We appreciate that Urrutia-Pereira M., et al. have reported on “COVID-19 and air pollution: A dangerous association.”1 Research on the role of air pollution in the spread of SARS-CoV-2 is worth discussing. Air pollution refers to harmful substances that are carried in the air. When the quantity or proportion of the pollutants reaches or exceeds the environmental carrying capacity, they will change the normal state of the environment.2 With rapid economic development around the world, global pollution gradually increases. Ecological governance has become a crucial issue across the globe.3 Pollution control is also a highly debated issue between developing countries and developed countries; China too has an environmental pollution control problem.4

China began to pay attention to the question of pollution control and its prevention methods early on. The Chinese government has formulated many policies in this respect. However, these measures did not improve the environment. At the end of 2019, the COVID-19 epidemic broke in Wuhan, China.5 The Chinese government has taken a series of measures to control the outbreak. Wuhan was locked down on January 23, 2020, and people’s travel was restricted.

We downloaded the daily air pollution parameters of 367 cities around China from the China Meteorological Administration website (http://data.cma.cn/). Records covered the periods between January 23, 2019 and March 23, 2019; November 22, 2019 and January 22, 2020; and January 23, 2020 and March 23, 2020. Pollution severity was divided into quartiles according to the air quality index (AQI). The AQI was calculated using the concentration of the following six pollutants: PM10, PM2.5, CO, NO2, SO2, and O3. An AQI of 0–100 indicates no pollution, 101–150 indicates mild pollution, 151–200 indicates moderate pollution, and AQI > 200 indicates severe pollution (USEPA 2013, http://www.Gpo.gov/). We found a significant improvement in air quality across China as a result of the reduction in human activity during the COVID-19 outbreak (Figure 1). A similar result was obtained when the calculation was made for Wuhan alone (Figure 2). Based on the data provided by other groups, we think that herein lies the difference between active intervention and passive intervention. The virus caused factories to shut down their production and the transportation dramatically diminished. This is a very passive form of intervention. From the comparative results, we can see that such passive intervention was more effective at improving air quality than active interventions. The Chinese government has implemented active interventions in the past too. We think the situation in China during the COVID-19 outbreak reflects the drop in air pollution throughout the world. It is likely that the improved air quality is due to the suspension of the production and transportation activities. These results are worth thinking about.

Figure 1 Air quality index comparison of three sections in 367 cities in China: November 22, 2019–January 22, 2020; January 23, 2020–March 23, 2020; and January 23, 2019–March 23, 2019.

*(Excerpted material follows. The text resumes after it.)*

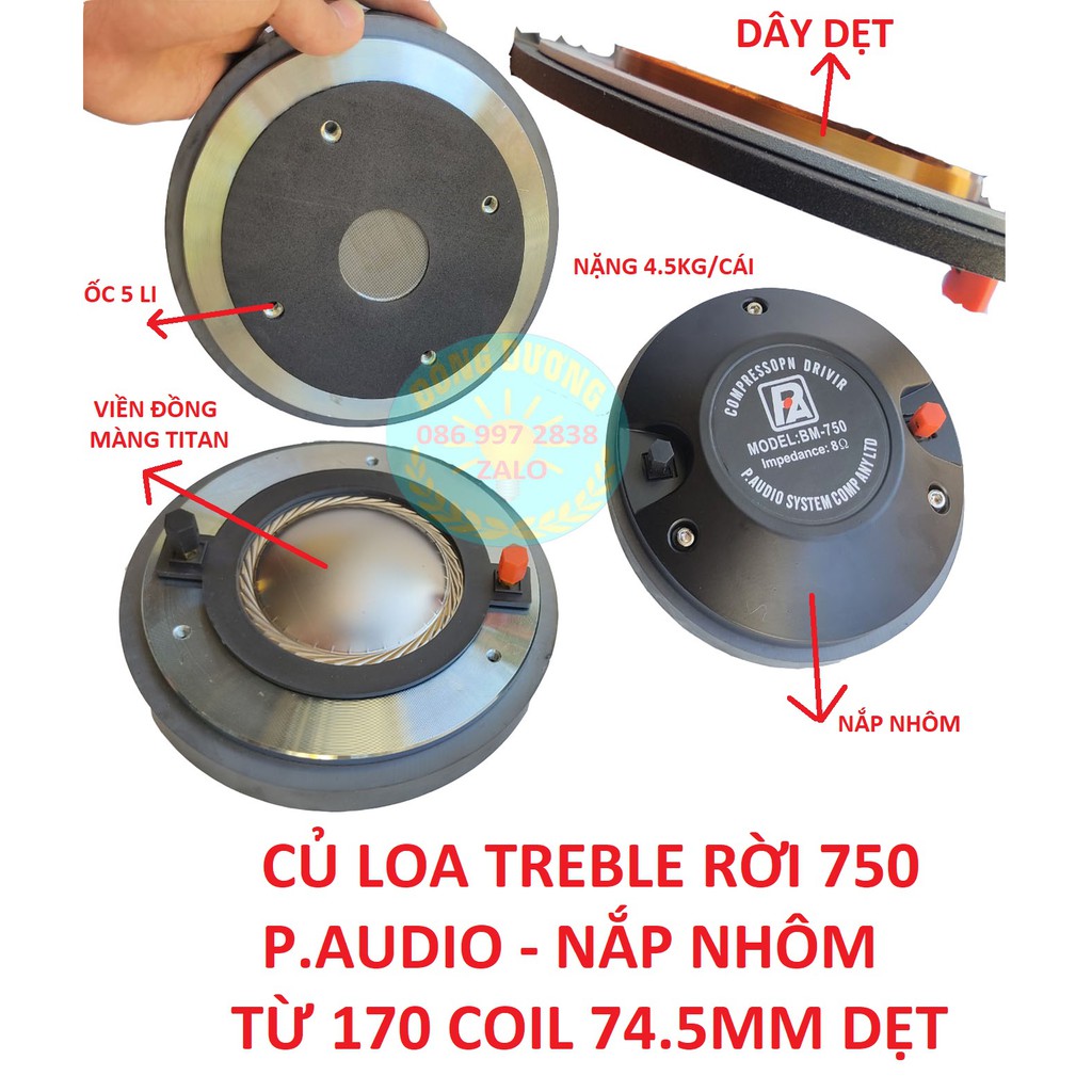 [Mã ELHACE giảm 4% đơn 300K] CỦ TREBLE KÈN 750 PAUDIO COIL DẸT 74,5MM CAO CẤP - GIÁ 01 CÁI - NẮP NHÔM NẶNG 4.5KG

Figure 2 Air quality index comparison of three sections in Wuhan city in China: November 07, 2019–January 22, 2020; January 23, 2020–April 08, 2020 (Total lockdown in Wuhan); and January 23, 2019–April 08, 2019.

In the context of economic globalization, development and balance are critical topics. As a result of the passive intervention of the virus, people stopped the pace of development, leading to a drop in air pollution. The public should take a good look at the COVID-19 epidemic. Humans have a common destiny. We should all join hands and work to improve the environment, modify people’s behavior, and avoid nature’s vengeance.

Declaration of competing interests

The authors declare that they have no known competing financial interests or personal relationships that could have appeared to influence the work reported in this paper.

Credit authorship contribution statement

Zhan-hui Feng: Conceptualization, Methodology, Writing - original draft.

Juan Chen: Validation.

Ming-Wei Wang and Wen-tao Gan: Data curation and Writing - review & editing.

Lan Ye: Data curation, Visualization.

Yong-ran Cheng and Meng-Yun Zhou: Conceptualization, Supervision.


We are very grateful to the medical staff who are working on the front lines against COVID-19.